Cherries was arrested in 2014 for "allegedly making fraudulent purchases at surf shops in Jupiter, Florida," according to The Huffington Post. Her plural noun-heavy handle is hard to believe, which will lead many skeptics to wonder if Cherries Waffles Tennis is indeed her birth name. We think so. At the time of her arrest, Cherries was 19, just one year above the minimum age at which Americans can apply for a name change. If Cherries did adopt her unique moniker under her own volition, she did not waste any time, and if that is the case, we can only assume she told the judge the first three words that popped into her head, just to get the process over with as quickly as possible.
Father Pizzaballa, on the other hand, is one of several Italian Pizzaballas. As the Custodian of the Holy Land, he is the Franciscan order's primary representative in the Middle East. Among other duties, he is responsible for supporting Christian residents within the Holy Land and overseeing the many Christian shrines in the area. If you need further evidence of the power of Father Pizzaballa's position, consider his boss: Pope Francis himself.

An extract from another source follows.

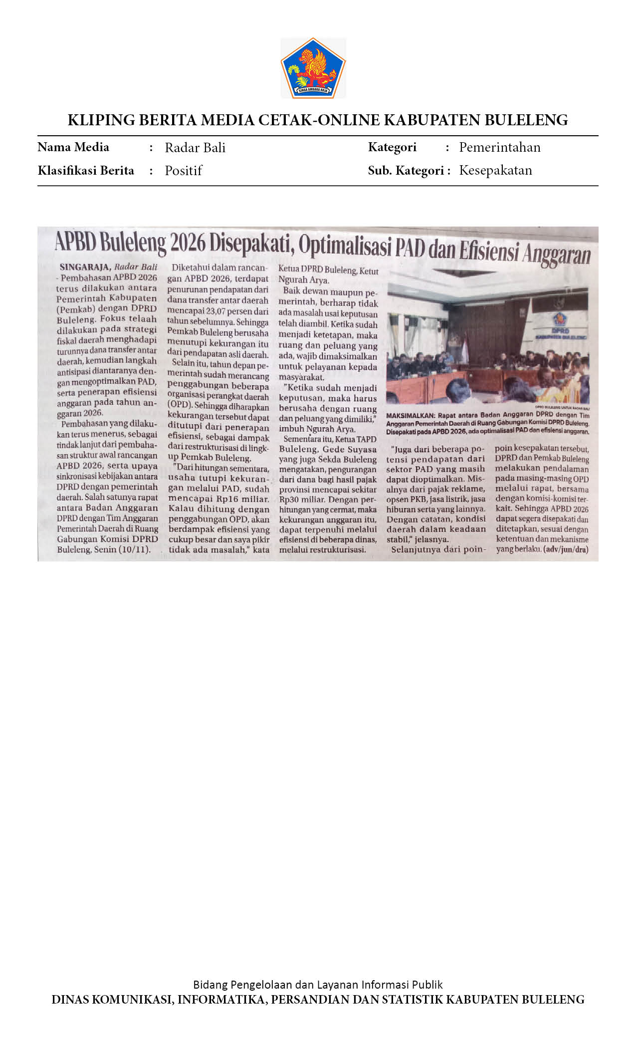 APBD BULELENG 2026 DISEPAKATI, OPTIMALISASI PAD DAN EFISIENSI ANGGARAN

These two figures, separated by more than just an ocean, will surely never meet in person. In the Bulltron, though, they are gearing up for a monster showdown. In this way, NOTY is the great equalizer. It does not matter if you are an alleged criminal or an esteemed man of God. In the Arena of Name, all are welcome.

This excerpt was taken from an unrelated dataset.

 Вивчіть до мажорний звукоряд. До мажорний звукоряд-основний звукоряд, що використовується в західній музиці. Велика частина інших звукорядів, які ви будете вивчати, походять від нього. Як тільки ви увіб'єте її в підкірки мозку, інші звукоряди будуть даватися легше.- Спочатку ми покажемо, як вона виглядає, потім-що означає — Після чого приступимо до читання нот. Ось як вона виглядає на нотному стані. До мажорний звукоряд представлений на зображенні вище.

That statement also applies to the other 14 names in the Bulltron, and both Cherries and Father Pizzaballa will be tested right from the opening bell. It's up to you to decide: Will chalk rain supreme, leading to a much-hyped culinary matchup in the Elite Eight? Or will upsets derail our precious seeding? The first eight matchups of the 2015 Name of the Year tournament await your votes.
BULLTRON REGIONAL
#1 Cherries Waffles Tennis, aforementioned Florida woman, vs. #16 Dent McSkimming, the only American sportswriter to attend the 1950 World Cup.

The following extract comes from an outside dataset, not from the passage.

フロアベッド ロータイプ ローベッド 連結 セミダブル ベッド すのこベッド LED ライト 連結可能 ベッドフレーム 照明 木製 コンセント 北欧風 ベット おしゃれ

#8 Pleasant Crump, the last verified veteran of the American Civil War, vs. #9 Sunshine Crump, an Arkansas reporter who resigned after conflict with the local police chief.
#5 Omar Hurricane, a physicist who researches nuclear fusion, vs. #12 Kermit Carolina, a high school principal in Connecticut.
#4 Forrestina Calf Boss Ribs, a Montana politician who goes by "Frosty," vs. #13 Charity Sunshine Tillemann-Dick, a singer, a TED talker, and the recipient of a double lung transplant.
#6 I Made Mangku Pastika, the Governor of Bali, vs. #11 Andromeda Dunker, voiceover narrator for House Hunters.
#3 Understanding Bush, of Brooklyn, vs. #14 Blundy Vildor, a football player who went to MidAmerica Nazarene University in Olathe, Kansas.
#7 Swindly Lint, a baseball player, vs. #10 Tacko Fall, a 7'6" high school basketball standout.
#2 Rev. Pierbattista Pizzaballa, the Custodian of the Holy Land, vs. #15 Lourawls Nairn, Jr., a Michigan State basketball player who goes by the nickname "Tum Tum."